The armairf function returns the IRF in a 3-D array. Each page (the third dimension) captures the response of a specific variable, within a given forecast horizon, to a one-standard-deviation shock to all variables in the system. Specifically, element t, j, k is the response of variable k at time t in the forecast horizon, to an innovation shock to variable j at time 0. Columns and pages correspond to the response variables in the data, and t = 0, 1, ... fh, where fh is the forecast horizon length.

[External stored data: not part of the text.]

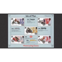 Znaczki w bloku, na których widnieją słynni kierowcy motocyklowi i ich maszyny podczas zawodów, kolejno:
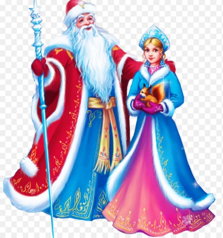 В России к детишкам в Новый год приходит Дед Мороз. Это добрый дедушка с белой бородой. Вместе с ним путешествует и его внучка- Снегурочка.
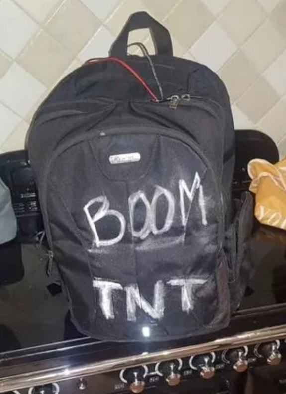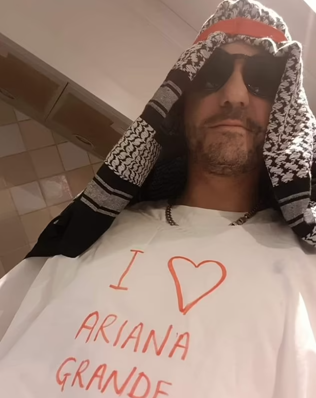 David Wootton s-a îmbrăcat în haine specifice portului arăbesc și într-un tricou cu „I love you Ariana Grande” scris de mână cu un stilou. El a postat o fotografie pe Facebook cu un rucsac negru cu cuvintele „Boom” și „TNT” mâzgălite peste el, scrie Mirror.
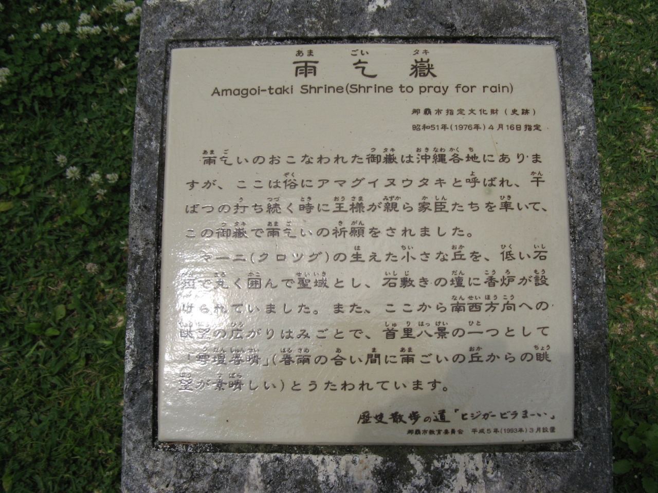 御嶽の説明板によると『雨乞いのおこなわれた御嶽(ウタキ)は沖縄各地にありますが、ここは俗にアマグイヌウタキと呼ばれ、干ばつの打ち続くときに、王様が親(みずか)ら家臣たちを率いて、この御嶽で雨乞いの祈願をされました。 マーニ(クロツグ)の生えた小さな丘を、低い石垣で丸く囲んで聖域とし、石敷きの壇に香炉が設けられていました。
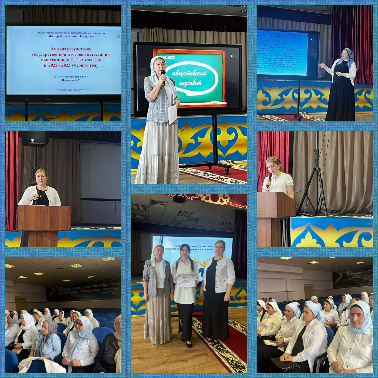 29 августа 2023 года в ГБОУ "Центр образования г. Гудермес" состоялось заседание педагогического совета по теме "Анализ результатов образовательной деятельности педагогов за 2022-2023 учебный год. Реализация мероприятий Года педагога и наставника".
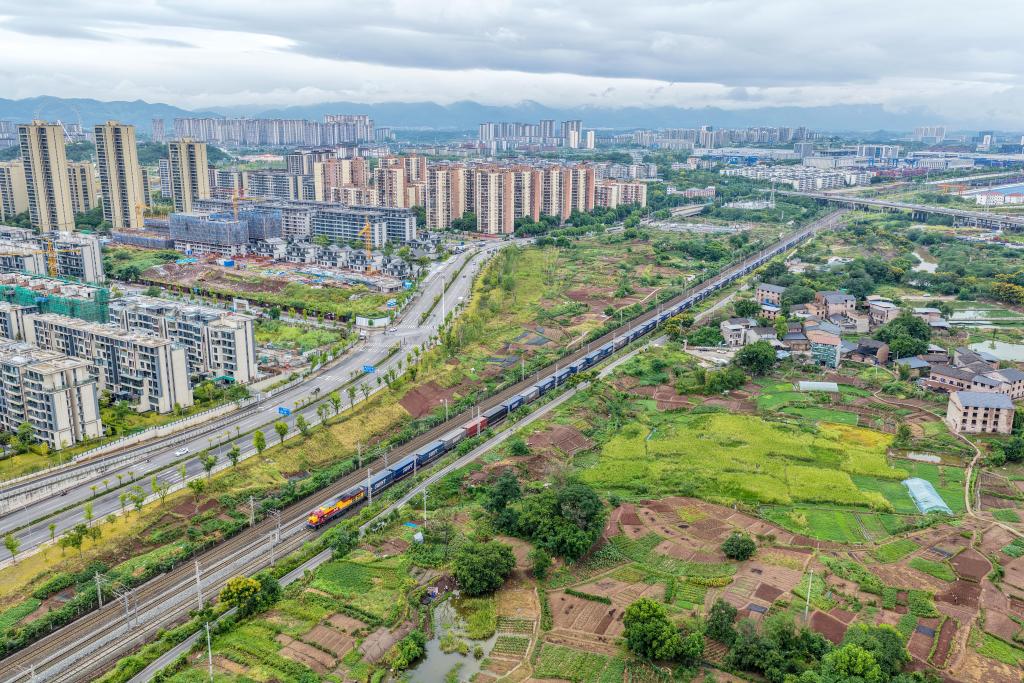 8 сентября 2025 года, грузовой поезд Китай-Европа покидает отправную станцию Туаньцзецунь в городе Чунцин /Юго-Западный Китай/. /Фото: Синьхуа/
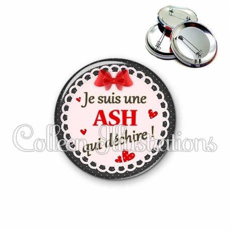 Image imprimée en haute résolution sur papier de qualité, protégée d'un film plastique, et sertie sur une coque et épingle métallique.
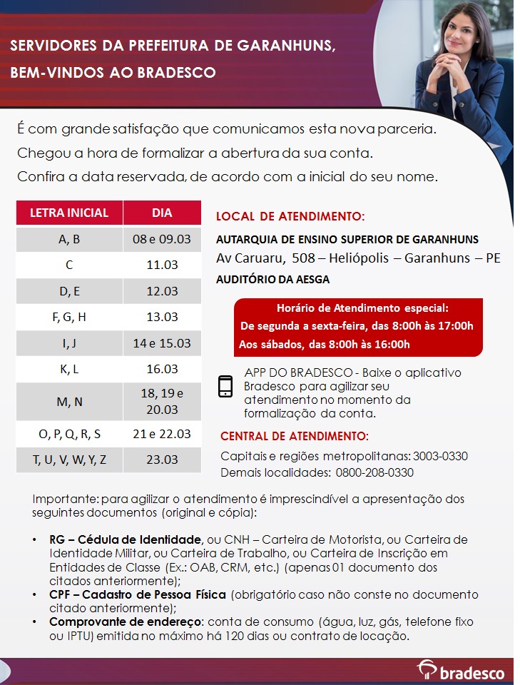 atendimento, o servidor pode acessar o link: https://www.bradescopoderpublico.com.br/prefeituradegaranhuns/index.shtm e
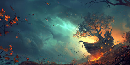 A vibrant, fiery abstract landscape that evokes a sense of dynamic movement and fantastical wonder

Convert the fitted VEC model to its cointegrated VAR representation by using the varm conversion function. Then, compute the IRF for 40 quarters (10 years).

horizon = 40;

VAR = varm(Fit);
IRF = armairf(VAR.AR, {}, 'InnovCov',  VAR.Covariance, 'NumObs', horizon);

h = figure;
iSeries = 1;            % Column 1 is associated with GDP series
for i = 1:Mdl.NumSeries
    subplot(Mdl.NumSeries,1,i)
    plot(IRF(:,i,iSeries))
    title("GDP Impulse Response to " + Data.Properties.VariableNames(i))
end

screen = get(h,'Parent');
set(h,'Position',[h.Position(1) screen.MonitorPositions(4)*0.1 h.Position(3) screen.MonitorPositions(4)*0.8]);

Although the preceding plots display the impulse response over a span of 10 years, each response in fact approaches a steady-state asymptotic level indicating a unit root and suggesting that the shocks are persistent and have permanent effects on nominal GDP.

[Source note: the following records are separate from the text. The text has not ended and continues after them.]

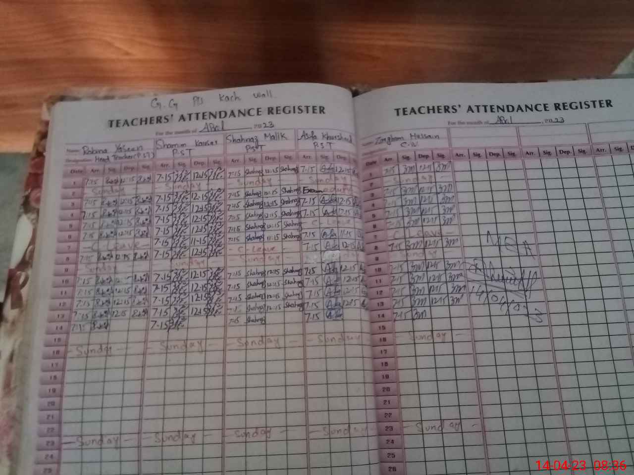 | CNIC | Full Name | Designation | R/C | Absence During Last Calender Month |
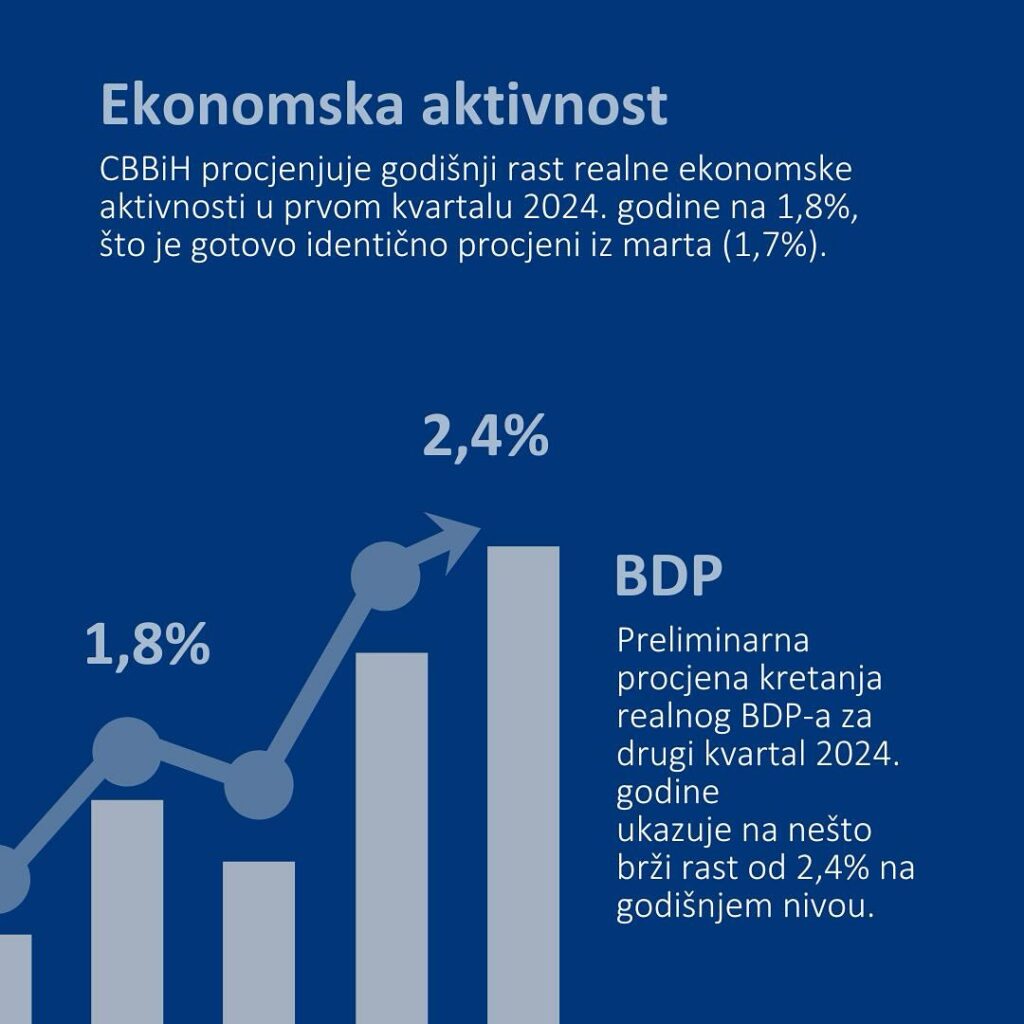 Imajući u vidu kako industrijska proizvodnja bilježi nešto slabiji pad aktivnosti, a izvoz blagi rast na godišnjem nivou u aprilu 2024. godine, naša prva preliminarna procjena je da bi ekonomska aktivnost mogla biti nešto jača u drugom kvartalu, oko 2,4%. Posljedično, naša preliminarna procjena intenziteta rasta realnog BDP-a iznosi 2,1% za prvo polugodište 2024. godine, poručili su u svojoj brzoj procjeni iz Centralne banke BiH.
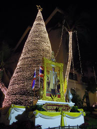 12月5日はプミポン国王のお誕生日。その前日にデモ隊はいったん解散し、町は大掃除されてデモ騒ぎなど嘘のようにきれいになりました。タイのすべての町で国王の写真を掲げてお祝いします。今年は、国王が静養中の別荘のあるホアヒンで祝賀パレードと祝典が盛大に行われました。国民が心を一つにした一日でした。今再びデモ隊は政府機関で座り込んでいます。新年を迎えるというのに、これからの動向がまだまだ気になります。
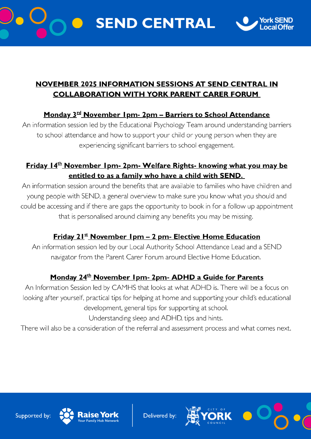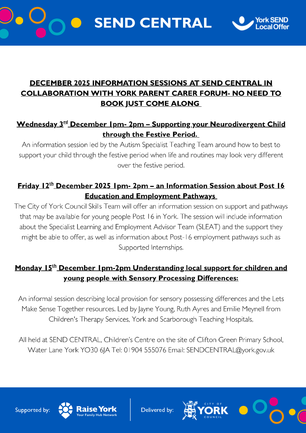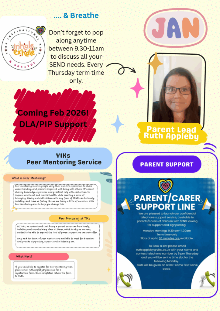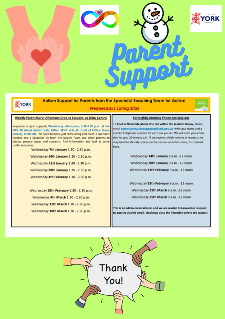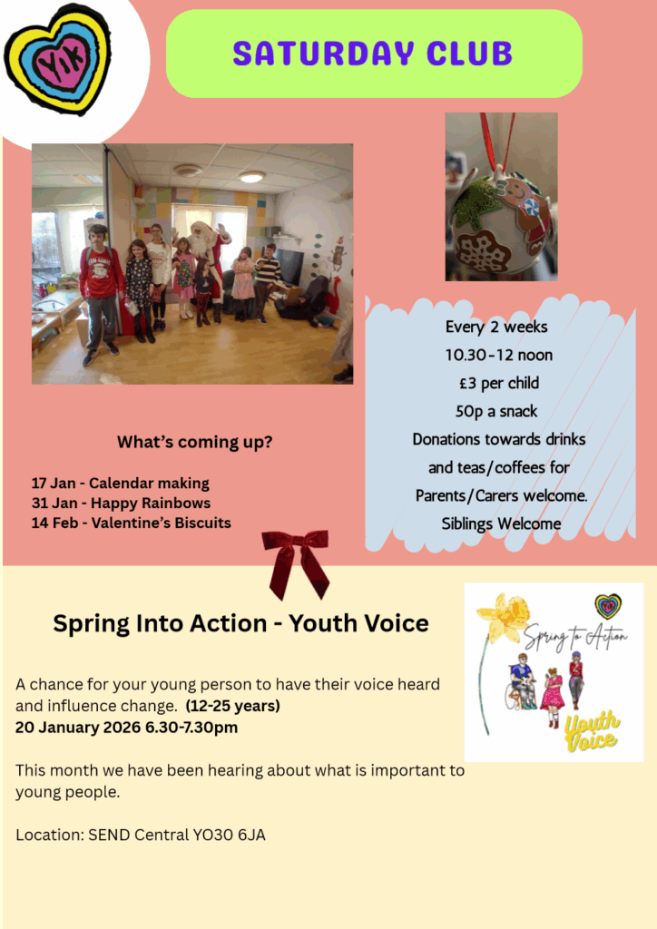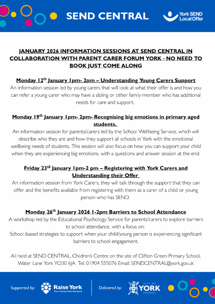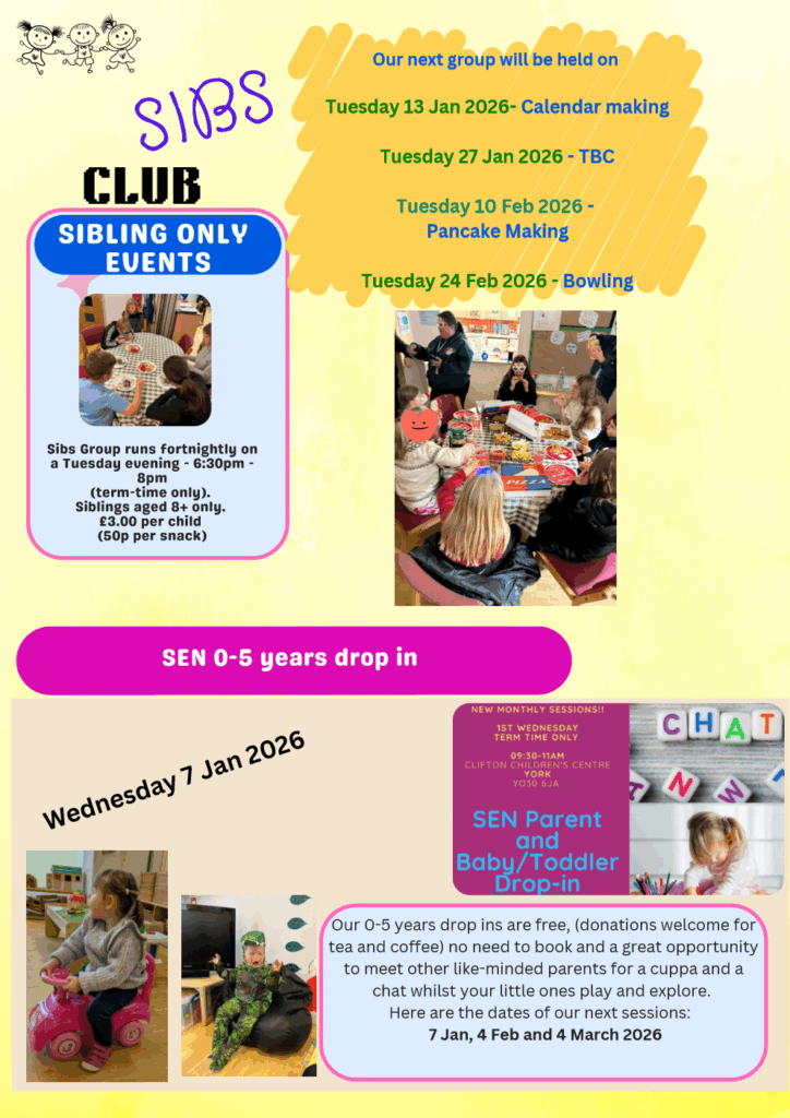 Drop into the hub at Clifton Children’s Centre for help and support with any SEND queries or visit https://www.yorksend.org/ to see a full timetable of events and activities.

Compute Out-of-Sample Forecasts and Assess Forecast Accuracy

To test the accuracy of the model, iteratively compute out-of-sample forecasts. Perform an experiment similar to that suggested by Smets and Wouters [13], pp. 21-22:

  1. Estimate the VEC model over the initial 20-year sample period 1957:Q1 - 1976:Q4

  2. Forecast the data 1, 2, 3, and 4 quarters into the future.

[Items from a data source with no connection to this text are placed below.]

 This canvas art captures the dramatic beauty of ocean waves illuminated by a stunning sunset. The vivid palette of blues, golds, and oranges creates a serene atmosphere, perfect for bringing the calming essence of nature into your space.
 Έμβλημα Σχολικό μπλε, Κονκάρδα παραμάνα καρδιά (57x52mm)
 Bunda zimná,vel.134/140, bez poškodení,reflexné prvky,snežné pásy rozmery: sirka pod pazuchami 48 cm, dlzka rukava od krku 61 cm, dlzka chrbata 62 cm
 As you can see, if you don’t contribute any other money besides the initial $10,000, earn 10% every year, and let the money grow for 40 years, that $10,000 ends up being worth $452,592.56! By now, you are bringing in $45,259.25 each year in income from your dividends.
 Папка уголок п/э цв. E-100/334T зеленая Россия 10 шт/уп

  3. Re-estimate the model over the period 1957:Q1 - 1977:Q1, adding the data of the next quarter to the sample thereby increasing the sample size available for estimation.

  4. Repeat the steps 2 and 3, accumulating a time series of forecasts until the end of the sample.

Y = Data;                   % Work directly with the timetable
T0 = datetime(1976,12,31);  % Initialize forecast origin (31-Dec-1976 = (1976,12,31) triplet)
T = T0;
horizon = 4;                % Forecast horizon in quarters (4 = 1 year)
numForecasts = numel(Y.Time(timerange(T,Y.Time(end),'closed'))) - horizon;
yForecast = nan(numForecasts, horizon, Mdl.NumSeries);

for t = 1:numForecasts
%
%   Get the end-of-quarter dates for the current forecast origin.
%
    quarterlyDates = timerange(Y.Time(1), T, 'closed');
%
%   Estimate the VEC model.
%
    Fit = estimate(toFit, Y{quarterlyDates,:}, 'Model', 'H1');
%
%   Forecast the model at each quarter out to the forecast horizon.
%
%   Store the forecasts for the current origin (T) as a 3-D array in which
%   the 1st page stores all forecasts for the 1st series (GDP), the 2nd page
%   stores all forecasts for the 2nd series (GDPDEF), and so forth. This
%   storage convention facilitates the access of data from the timetable
%   of forecasts created below.
%
    yForecast(t,:,:) = forecast(Fit, horizon, Y{quarterlyDates,:});
%
%   Update the forecast origin to include the data of the next quarter.
%
    T = dateshift(T, 'end', 'quarter', 'next');
end

Compute the forecast origin dates common to all forecasts in the forecast horizon, and the specific quarterly dates at which each of the forecasts applies. Then, create a timetable whose common time stamps (along each row) are the dates of each quarterly forecast origin. At each forecast origin, store the forecasts of each of the 7 series 1, 2, 3, and 4 quarters into the future, as well as the quarterly dates at which each forecast applies. The timetable is formatted this way to facilitate access to the forecasts of a given economic series.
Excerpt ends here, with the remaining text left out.